The winner of comparison is the object which has more aspects.

In [98]:
comparing_pair = {}

In [99]:
if len(obj_a_aspects) > len(obj_b_aspects):
    comparing_pair['winner_aspects'] = obj_a_aspects
    comparing_pair['loser_aspects'] = obj_b_aspects
    comparing_pair['winner'] = obj_a
    comparing_pair['loser'] = obj_b
else:
    comparing_pair['winner_aspects'] = obj_b_aspects
    comparing_pair['loser_aspects'] = obj_a_aspects
    comparing_pair['winner'] = obj_b
    comparing_pair['loser'] = obj_a

## Generating response

Using templates

In [62]:
from template_generation.template_generation import generate_template

In [63]:
generate_template(comparing_pair, mode="extended")

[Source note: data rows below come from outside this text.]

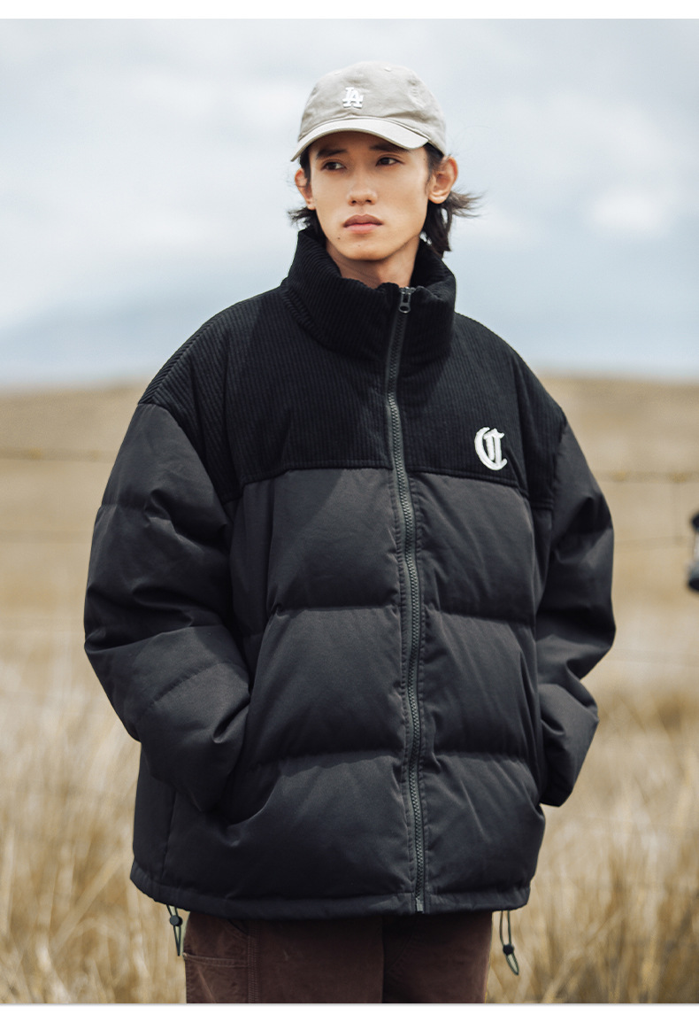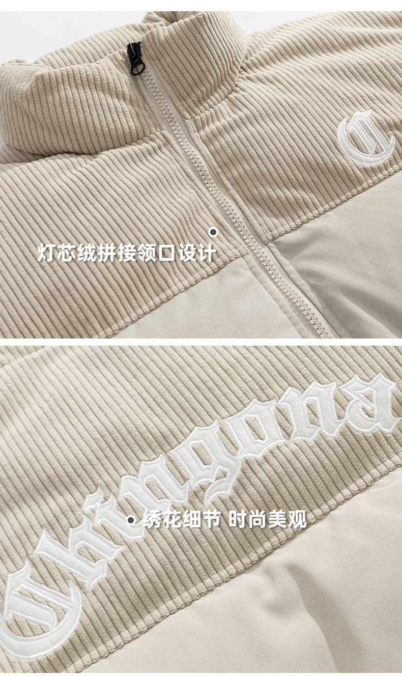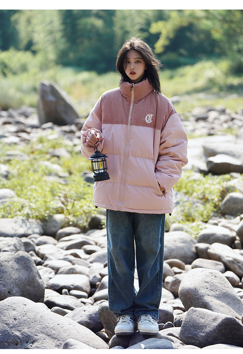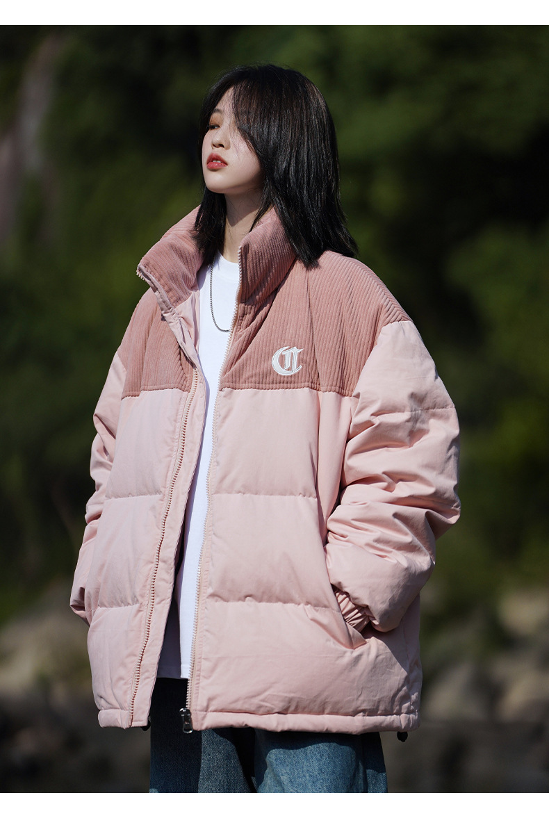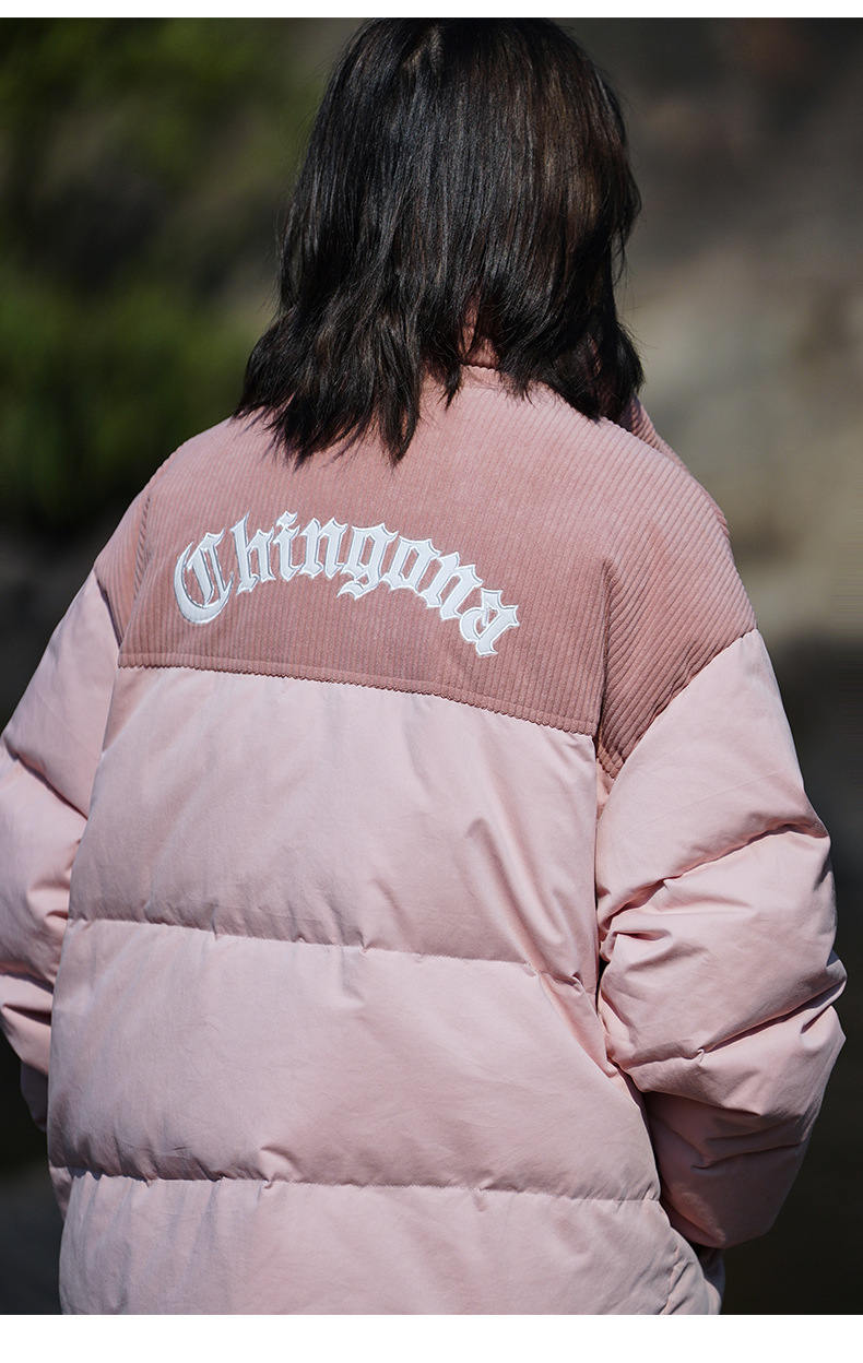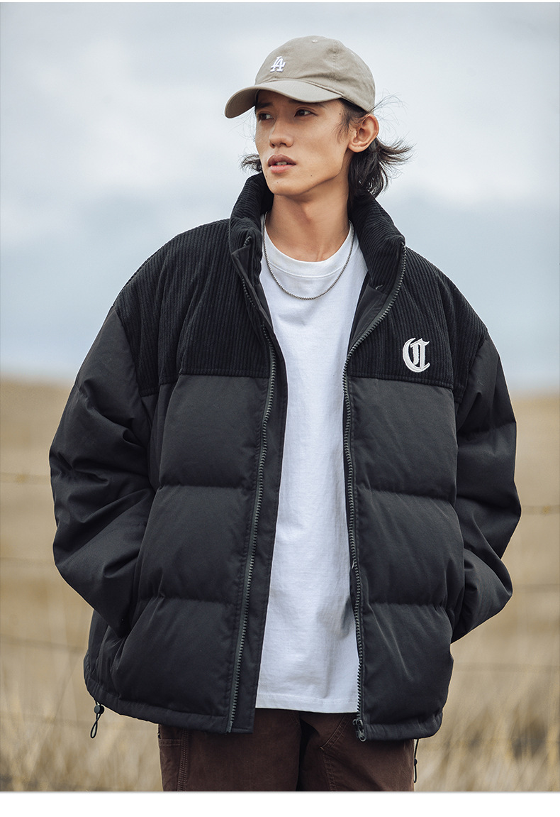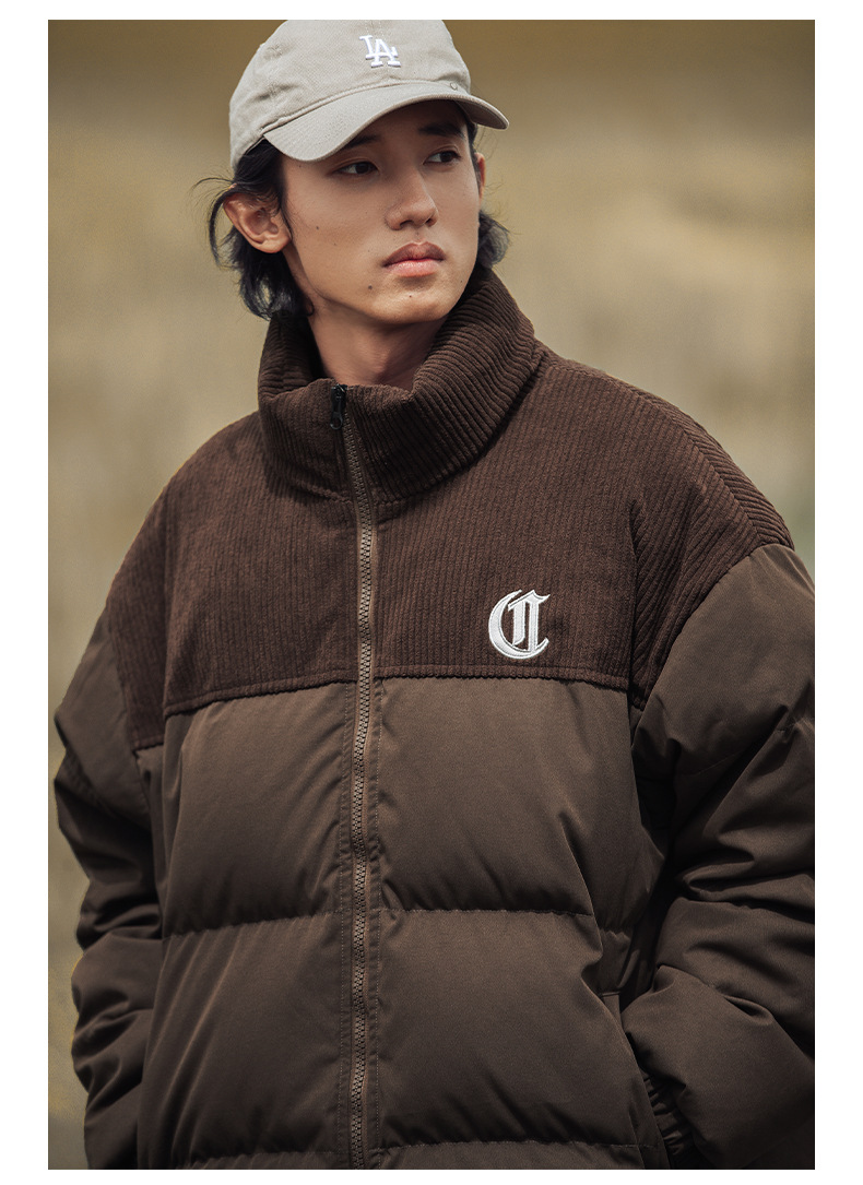 Chaqueta de pana con cuello alto y patchwork de algodón, chaqueta acolchada gruesa de invierno, chaqueta de algodón con bordado de letras de marca de moda para parejas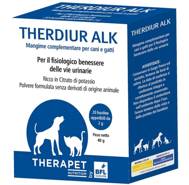 Mangime in polvere ad alto contenuto di Citrato di potassio formulato per il fisiologico benessere delle vie urinarie. THERDIUR ALK risulta utile in caso di un aumentato fabbisogno di potassio nella dieta (diminuzione dell’assunzione) o in animali soggetti ad ipokaliemia.
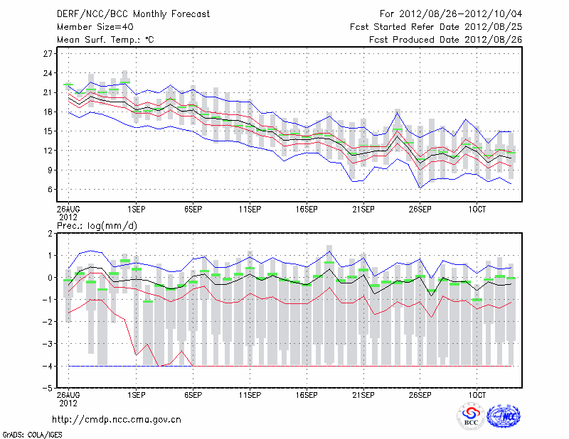 牡 丹 江 (LAT:44.57 LON:129.60) 2012-08-26        预测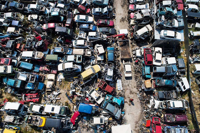 当地时间2018年9月5日,土耳其安卡拉,航拍废品回收场的废弃车辆。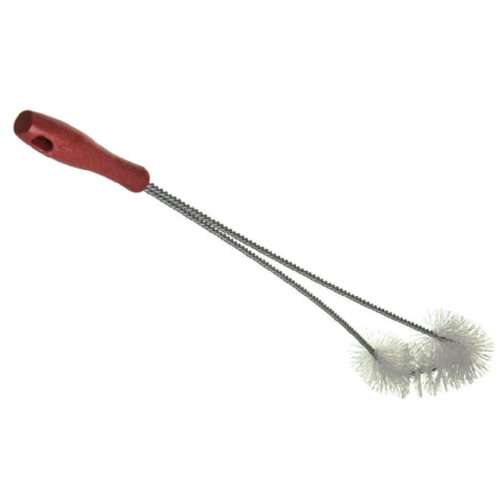 The Carlisle Sparta® Fryer Brush model 4011205 features a sturdy stainless steel wire construction with a 24-inch length, optimized for reaching inside large fryer tanks. Weighing just 0.58 lbs, it offers manageable handling during extensive cleaning routines. The stiff Teflon® wire wound bristles, with a diameter of 2 inches, are engineered for durability and chemical resistance, supporting daily use in high-temperature applications up to 500°F. The red plastic handle provides a heat-resistant, cool-touch grip, enhancing safety and ergonomic comfort. This tool is compatible with standard commercial kitchens that require robust, reliable fryer cleaning equipment, and its hanging hole facilitates organized storage to improve workflow efficiency.

'after much thought, I realized that  python is better, because: compile, better language, easier, syntax, simpler syntax, apps, simpler, quicker, performance, slower, easier ways. But you should know that java is: faster, comparable, productivity, bad'

Getting a brief summary using text rank.

In [64]:
from gensim.summarization.textcleaner import split_sentences
from gensim.summarization.summarizer import summarize

In [65]:
rows = asp_df[asp_df.aspect.isin(aspects)]

In [66]:
sentences = ""
for row in range (rows.shape[0]):
    sentence = asp_df.iloc[row]['sentence'] + " "
    if sentence not in sentences:
        sentences += sentence

In [67]:
if len(split_sentences(sentences)) > 10:
    summary = str(summarize(sentences, split=False, word_count=30))

In [68]:
print(summary)

Python runs slower than Java .
Python isn't just Java without the compile .
much slower in python than in java.
much slower in python than in java.


In [55]:
from Demo import one_liner
import gensim.downloader as api



You can test what the demo by using the oneliner below (it only requires the w2v model)  
response - sentence containing aspects of products generated using templates  
summary - brief summary of sentences gathered from Elasticsearch

In [56]:
# w2v_model = gensim.models.KeyedVectors.load_word2vec_format('GoogleNews-vectors-negative300.bin', binary=True)
# w2v_model = api.load('word2vec-google-news-300')

In [None]:
obj_a = "play station"
obj_b = "xbox"
user = "reader" # username in Elasticsearch
password = "reader" # password in Elasticsearch

response, summary = one_liner(obj_a, obj_b, user, password, w2v_model)

In [49]:
response

'i came to the conclusion that play station is better, because: much, ill, fun abilities, useful, fun, smart design, better target, free, reliable, much video games, bumpers, rubbish, price tag, price, investors, current market dominance, apprehension, order, powerful consoles, candy, stocking, solder toys, bit bigger, x2 inches, numbers, works, cheaper, free games, better deal, better graphics, touch screen, coarse flipping, resistance bs, liberation, bad system, overall. But it will be useful for you to know that xbox is: play, control, graphics, comparison, better situation, greater sales, form, sale, last, bluray drive, disk, trading games, powerful, console sales, size, cheap, best, hard, secure'

In [50]:
summary

"One great feature on this then, is the free play station network, which is also much more reliable than Xbox LIVE.\nPersonally I prefer the Xbox controller and I've heard that live is a more complete online experience than what play station offers."